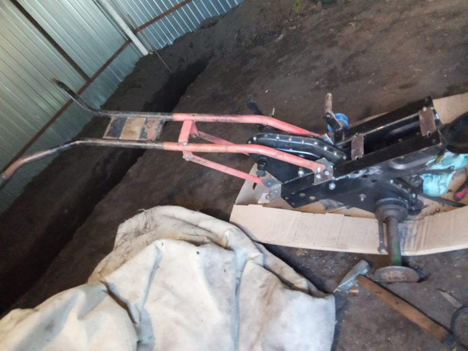 Сначало начал без задней скорости пахать. Просто не возможно это делать. Мотоблок очень тяжёлый. Изготовил ручки самодельные из труб от глушителя. Всё работает как заводское.
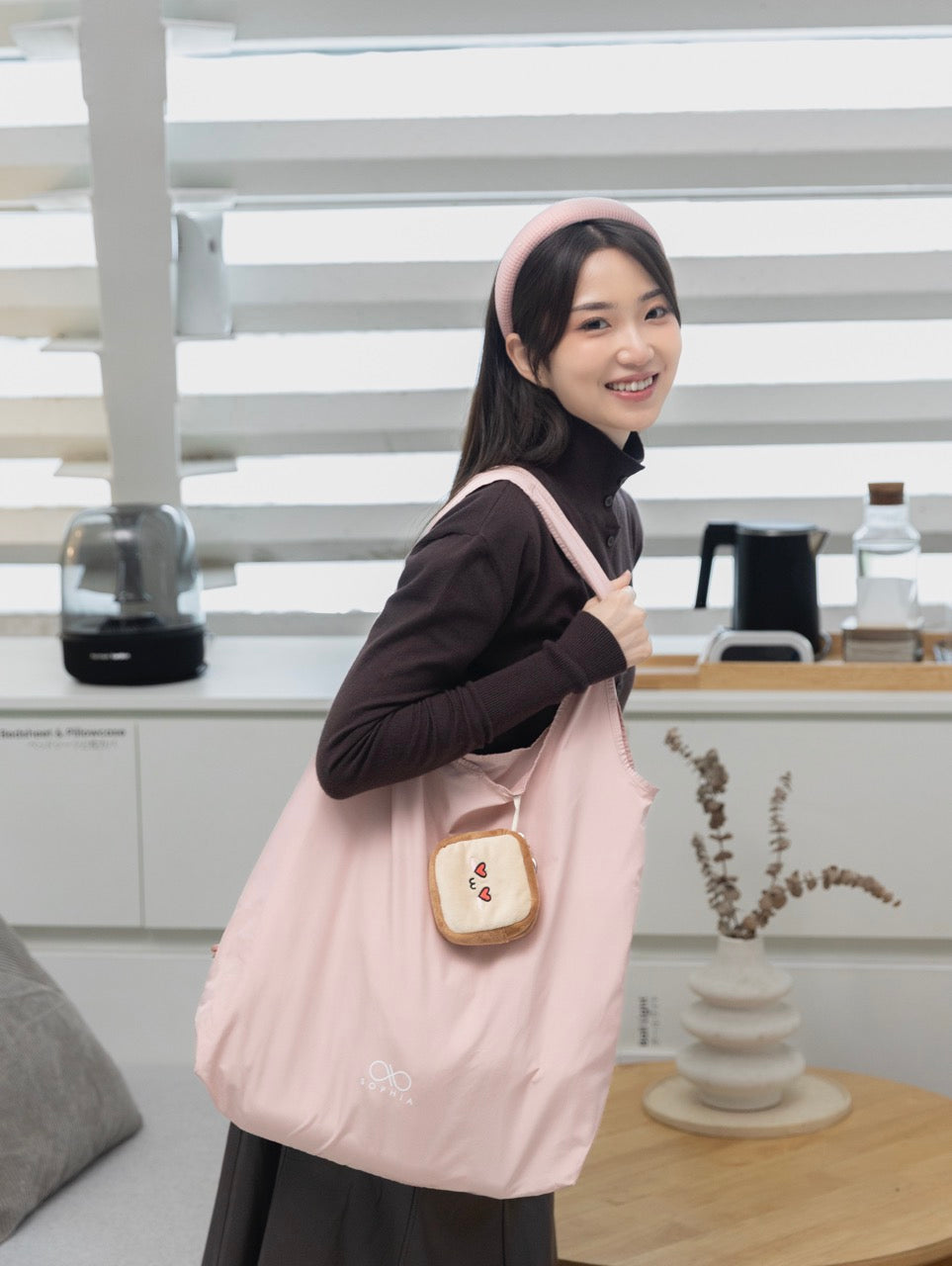 This reusable tote bag comes folded inside an adorable toast-shaped zip pouch that clips right onto your bag or keys for on-the-go convenience. Compact, lightweight, and irresistibly cute, each Toastlet comes in one of five collectible designs — Happy, Cheeky, Innocent, Sleepy , and a secret surprise — each with its own matching bag colour.
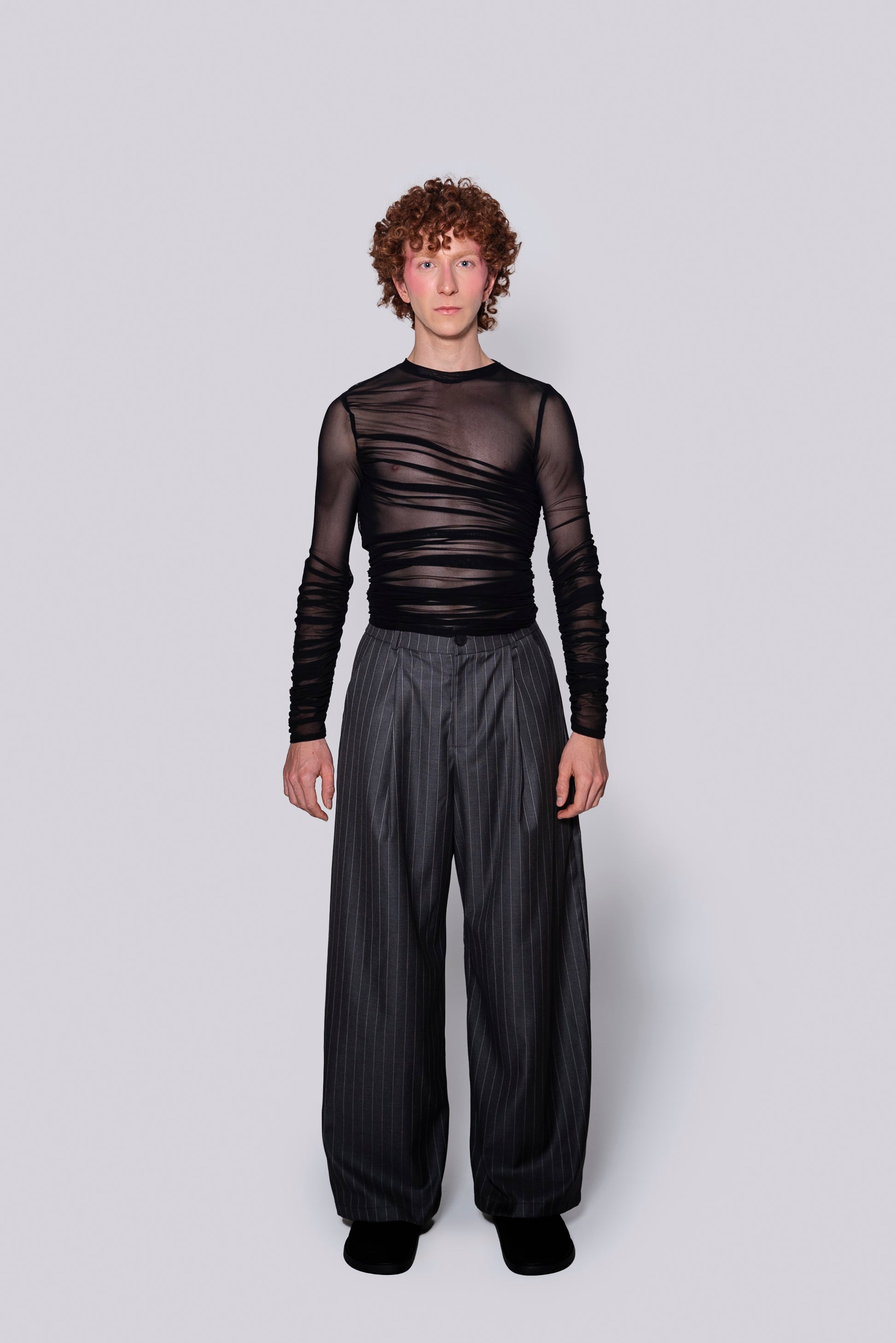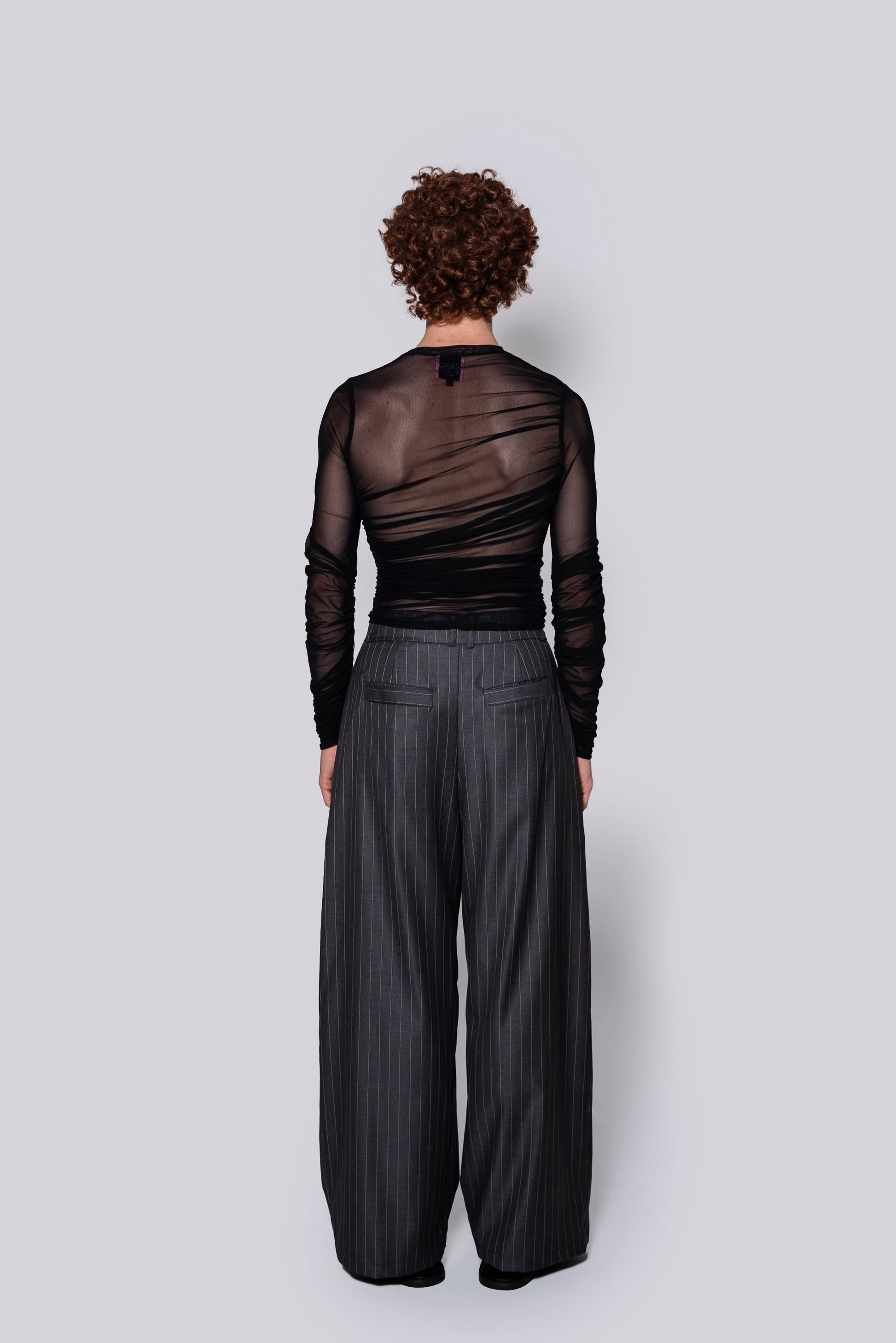 Top de tul semitransparente con frunces suaves que crean un efecto drapeado en el cuerpo. Su silueta se ajusta delicadamente y cae hasta la cadera, aportando textura, movimiento y un toque sofisticado a cualquier look.
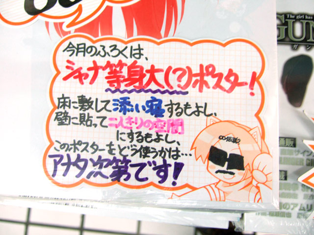 とらのあな1号店のPOPによると「床に敷いて添い寝するもよし、壁に貼って二人きりの空間にするもよし、このポスターをどう使うかは・・・アナタ次第です!」という、「シャナ等身大BIGポスター」が付属。
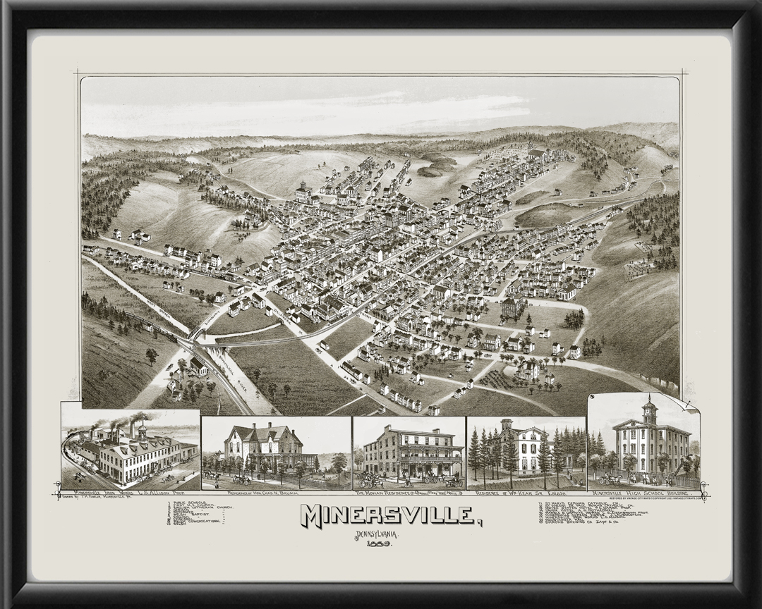 Restored bird’s eye view map of Minersville, PA 1889 by Thaddeus Mortimer Fowler.
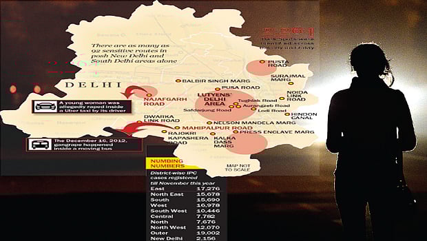 In two days, concerned citizens of Delhi will gather at Jantar Mantar in a ritual to mourn Nirbhaya, the victim of the brutal gang rape and murder that happened in a moving bus on a wintry night in December 2012. Yet, the monsters lurking in the dark are real in the nightmares of the city’s women. A young woman was raped last week in an Uber cab while returning home from a party. In Delhi, young girls and women are assaulted and raped in radio taxis, private cars, on the way home at night from work or on lonely, unlit stretches where sexual predators prowl out of sight of police patrols or the random CCTV camera. After the Nirbhaya incident, Delhi Police carried out a crime mapping of places in the city, which are deemed dangerous for women.
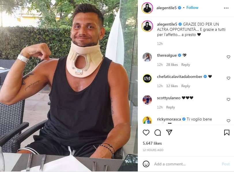 "Ευχαριστώ τον Θεό για τη νέα ευκαιρία και σας ευχαριστώ όλους για την αγάπη σας. Θα τα πούμε σύντομα", ανέφερε η λεζάντα του Τζεντίλε, ο οποίος αγωνίζεται στην Μπρίντιζι.
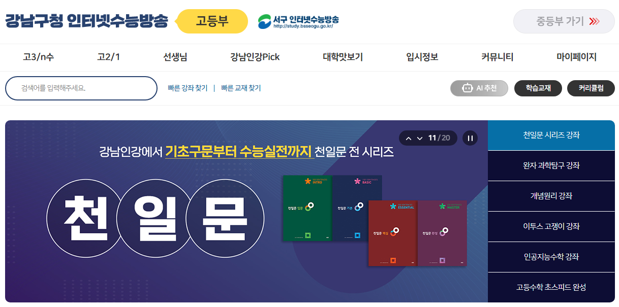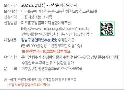 지원내용 : 강남구청 인터넷수능방송(강남인강) 연간 수강권 지원
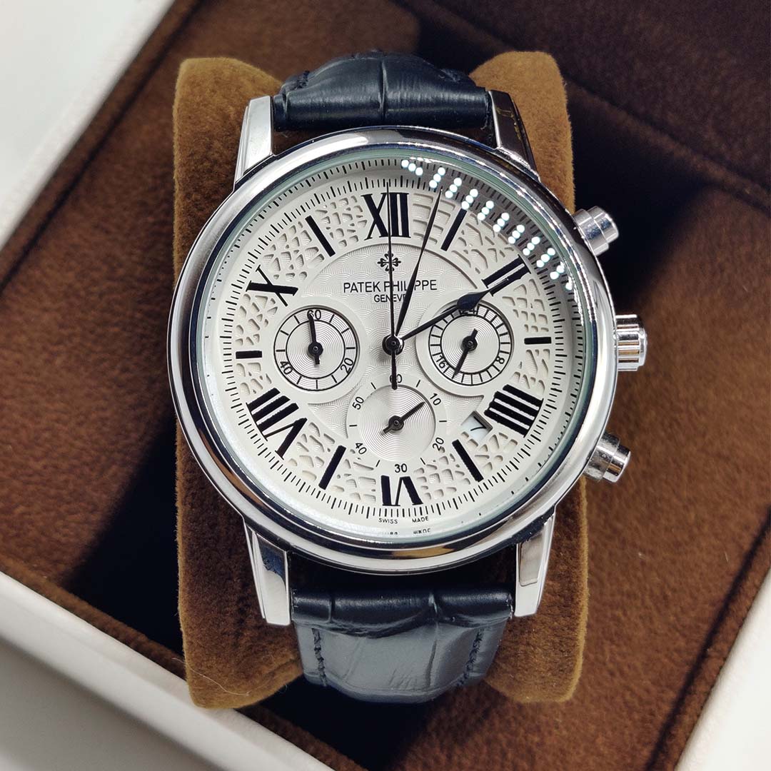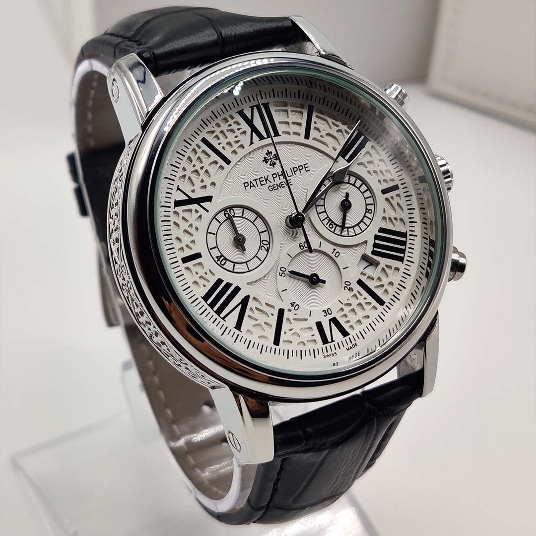 Montre PP – Chrono bracelet en cuir Noire Argenté

## Your instructions
Output exactly those lines of the data above that run from the line with "This reusable tote" up to and including the line with "Restored bird’s eye". No pictures go in.

## Finished task
 This reusable tote bag comes folded inside an adorable toast-shaped zip pouch that clips right onto your bag or keys for on-the-go convenience. Compact, lightweight, and irresistibly cute, each Toastlet comes in one of five collectible designs — Happy, Cheeky, Innocent, Sleepy , and a secret surprise — each with its own matching bag colour.
 Top de tul semitransparente con frunces suaves que crean un efecto drapeado en el cuerpo. Su silueta se ajusta delicadamente y cae hasta la cadera, aportando textura, movimiento y un toque sofisticado a cualquier look.
 とらのあな1号店のPOPによると「床に敷いて添い寝するもよし、壁に貼って二人きりの空間にするもよし、このポスターをどう使うかは・・・アナタ次第です!」という、「シャナ等身大BIGポスター」が付属。
 Restored bird’s eye view map of Minersville, PA 1889 by Thaddeus Mortimer Fowler.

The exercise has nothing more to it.